* _Problem details_: Reproduce, exactly and in full, the lines from the one with "Detay: Kısa kollu, yuvarlak" through the one with "中号深盘-碳钢不沾烤鱼盘+(钢化玻璃盖)【特厚不变形/电磁炉燃气通用】" in the data below; drop pictures.

* _Supplied data_:

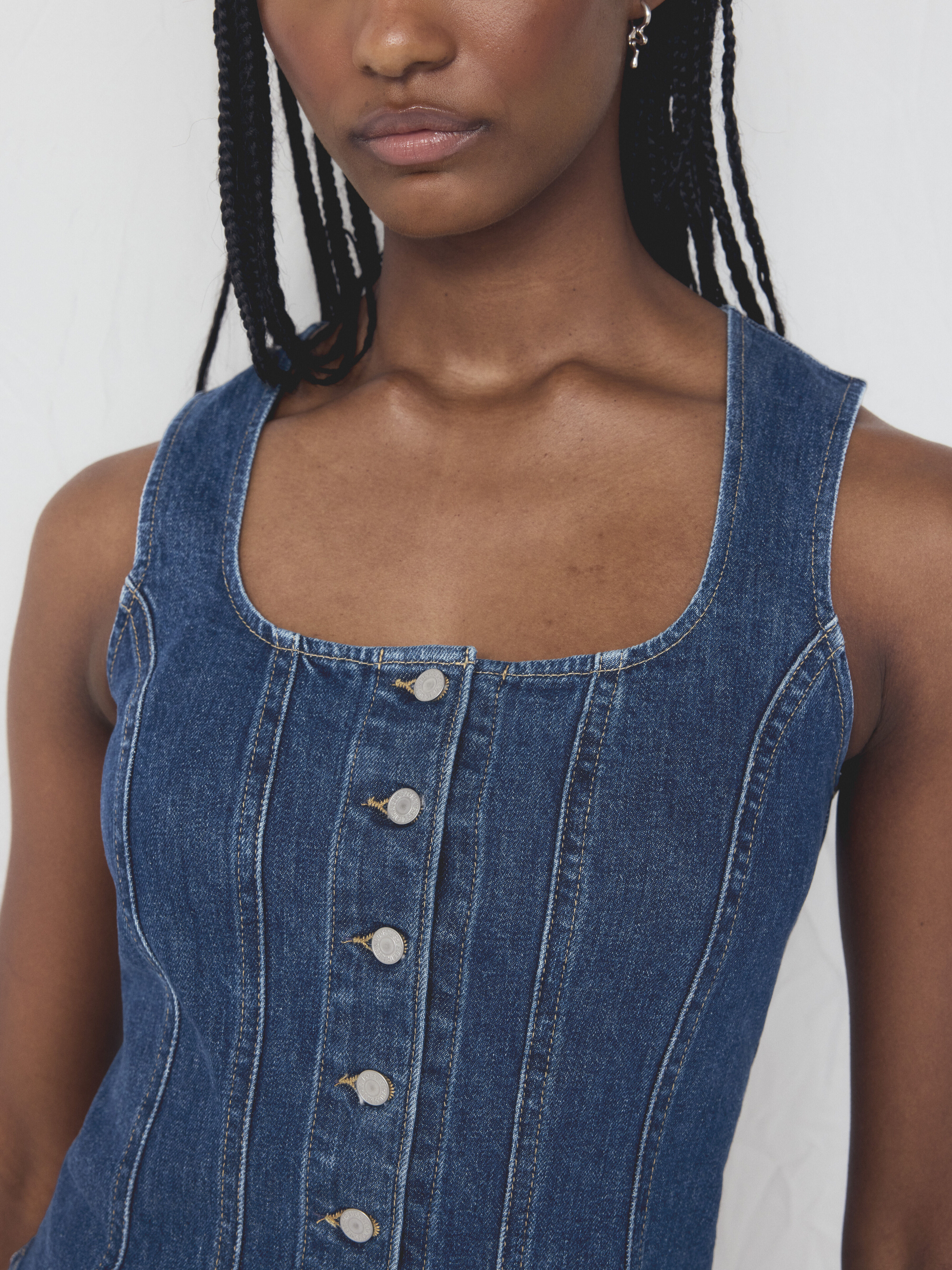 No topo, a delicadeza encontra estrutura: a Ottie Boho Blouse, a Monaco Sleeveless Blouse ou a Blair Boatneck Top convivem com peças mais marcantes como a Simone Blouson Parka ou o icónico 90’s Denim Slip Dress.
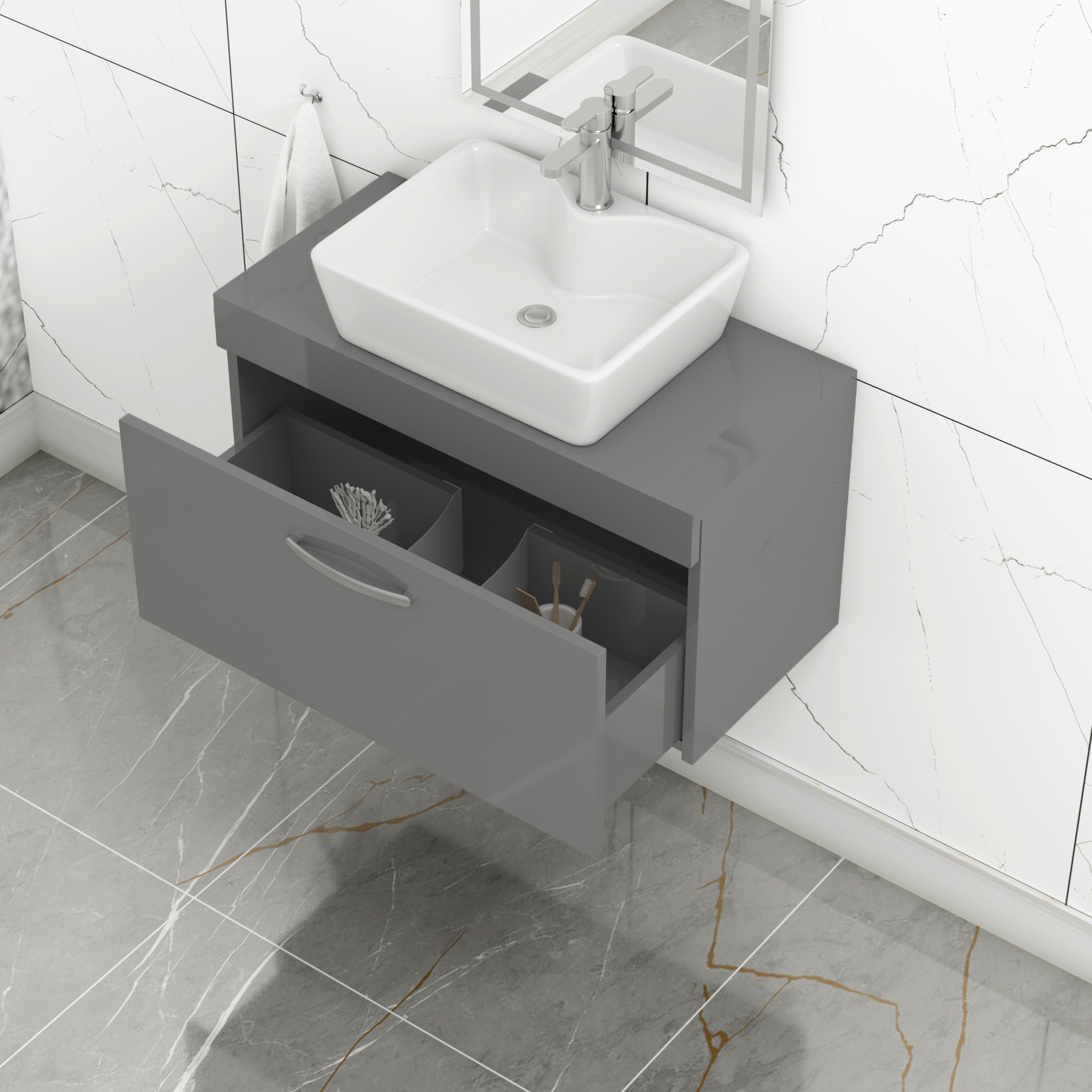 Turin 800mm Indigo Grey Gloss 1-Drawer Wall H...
--
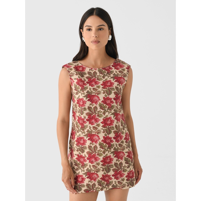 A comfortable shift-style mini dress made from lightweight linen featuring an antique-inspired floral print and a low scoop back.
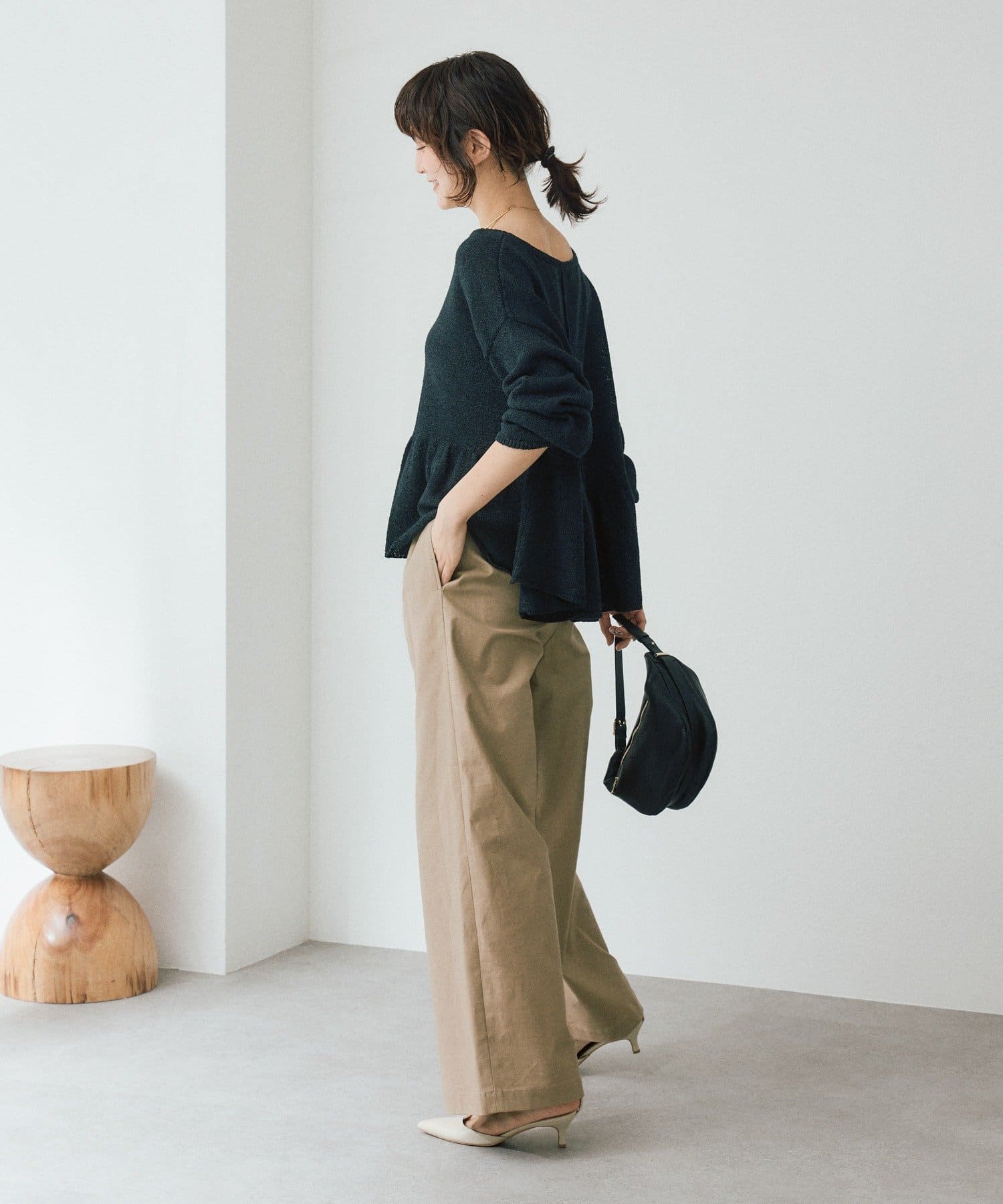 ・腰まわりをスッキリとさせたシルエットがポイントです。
---
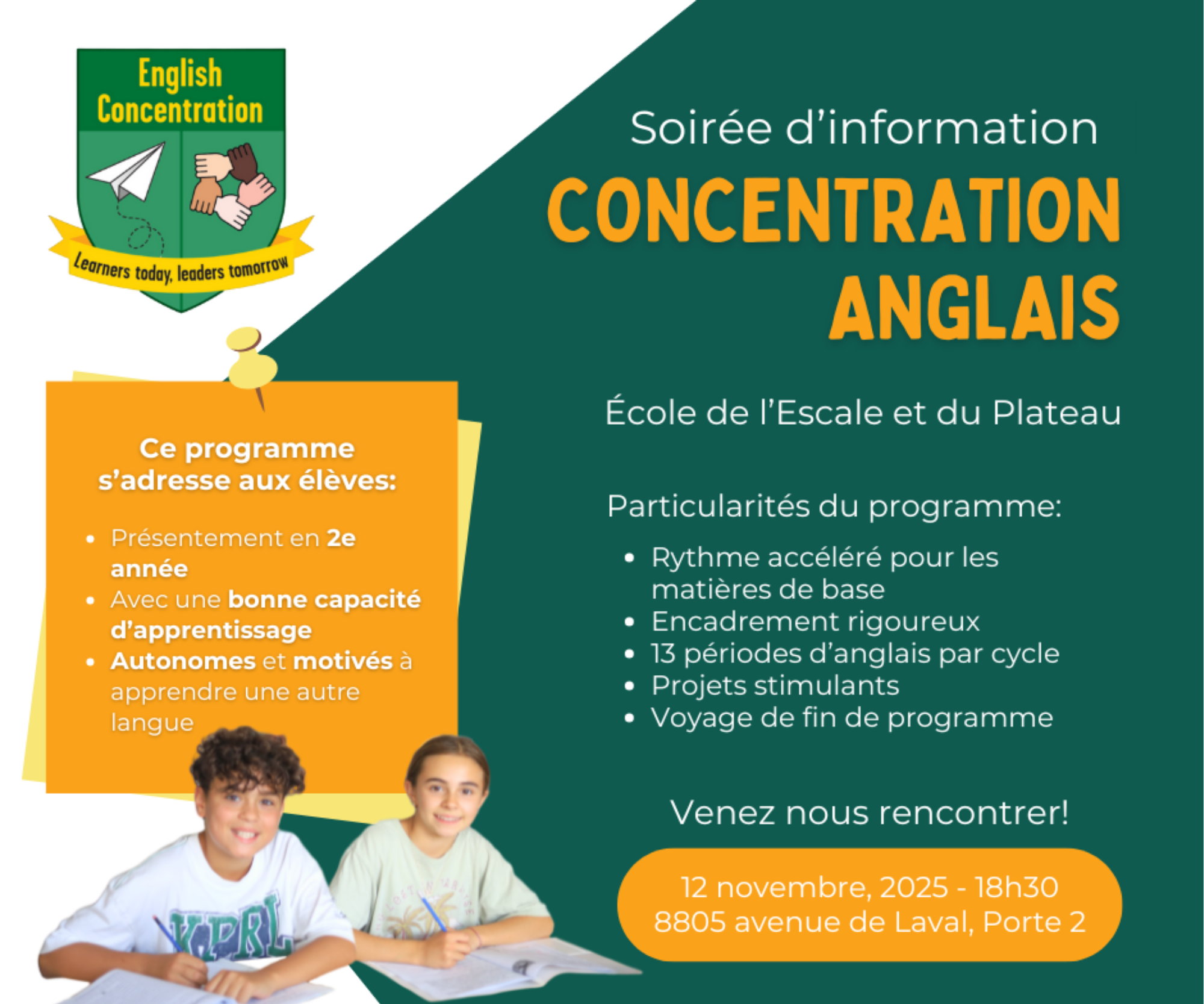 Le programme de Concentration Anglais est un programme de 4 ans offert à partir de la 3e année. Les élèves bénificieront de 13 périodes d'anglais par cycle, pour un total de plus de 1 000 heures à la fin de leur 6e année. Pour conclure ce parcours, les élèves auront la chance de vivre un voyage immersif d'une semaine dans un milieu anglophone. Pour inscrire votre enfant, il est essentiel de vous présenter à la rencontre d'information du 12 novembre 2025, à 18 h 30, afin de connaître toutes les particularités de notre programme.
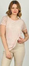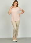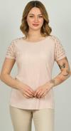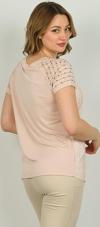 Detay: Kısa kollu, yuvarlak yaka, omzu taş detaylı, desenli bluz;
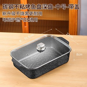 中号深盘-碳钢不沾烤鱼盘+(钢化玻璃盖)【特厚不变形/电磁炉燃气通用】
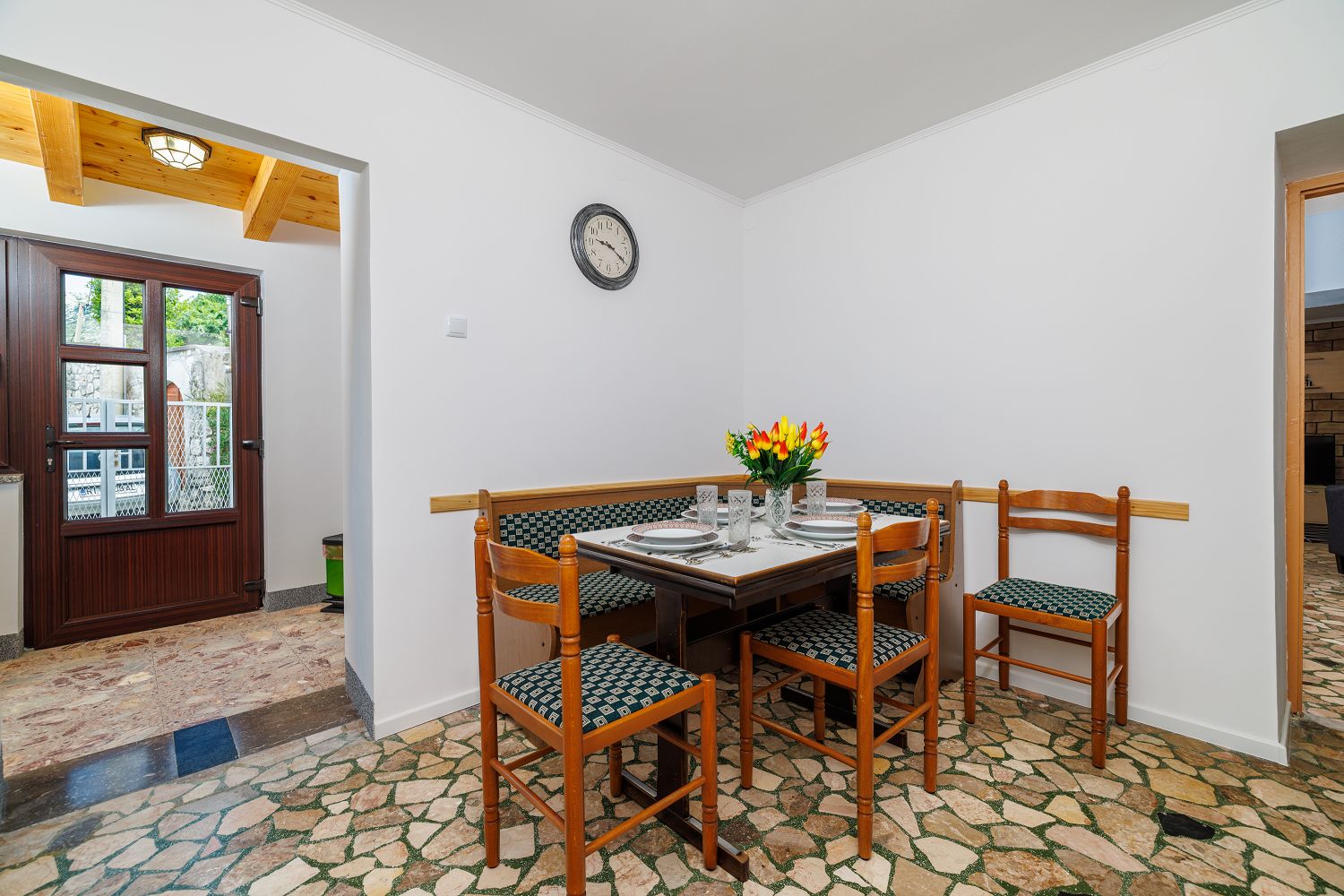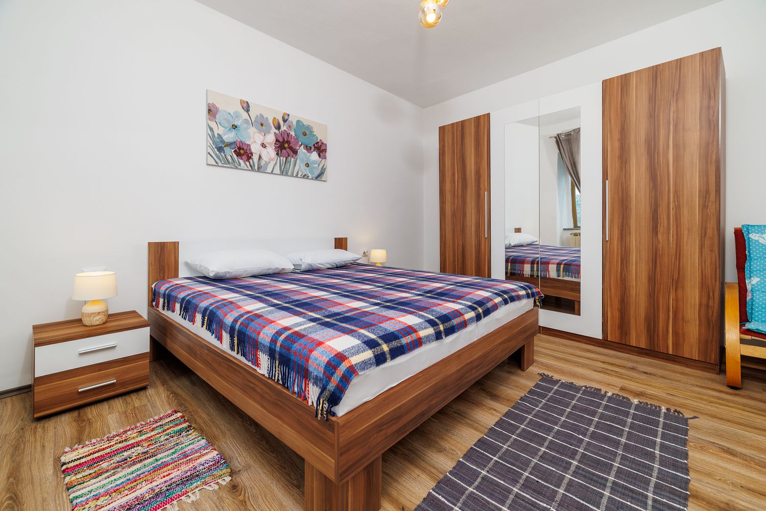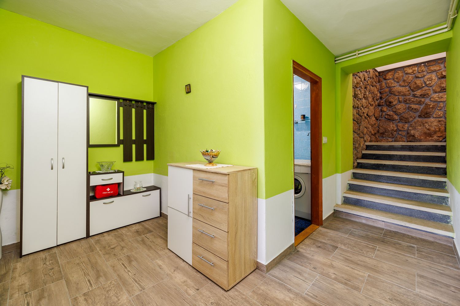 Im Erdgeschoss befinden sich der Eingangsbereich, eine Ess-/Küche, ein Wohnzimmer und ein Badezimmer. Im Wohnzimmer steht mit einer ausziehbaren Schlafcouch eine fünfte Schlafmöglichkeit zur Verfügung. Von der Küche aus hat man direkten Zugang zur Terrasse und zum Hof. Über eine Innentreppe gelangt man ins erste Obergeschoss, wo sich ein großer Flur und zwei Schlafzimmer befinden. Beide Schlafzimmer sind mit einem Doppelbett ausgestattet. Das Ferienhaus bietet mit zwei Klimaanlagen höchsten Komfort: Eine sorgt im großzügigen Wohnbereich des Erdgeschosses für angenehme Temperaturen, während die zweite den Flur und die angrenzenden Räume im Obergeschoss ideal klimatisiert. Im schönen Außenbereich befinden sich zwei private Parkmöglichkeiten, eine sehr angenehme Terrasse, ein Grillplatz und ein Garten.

* _Output_:
 Detay: Kısa kollu, yuvarlak yaka, omzu taş detaylı, desenli bluz;
 中号深盘-碳钢不沾烤鱼盘+(钢化玻璃盖)【特厚不变形/电磁炉燃气通用】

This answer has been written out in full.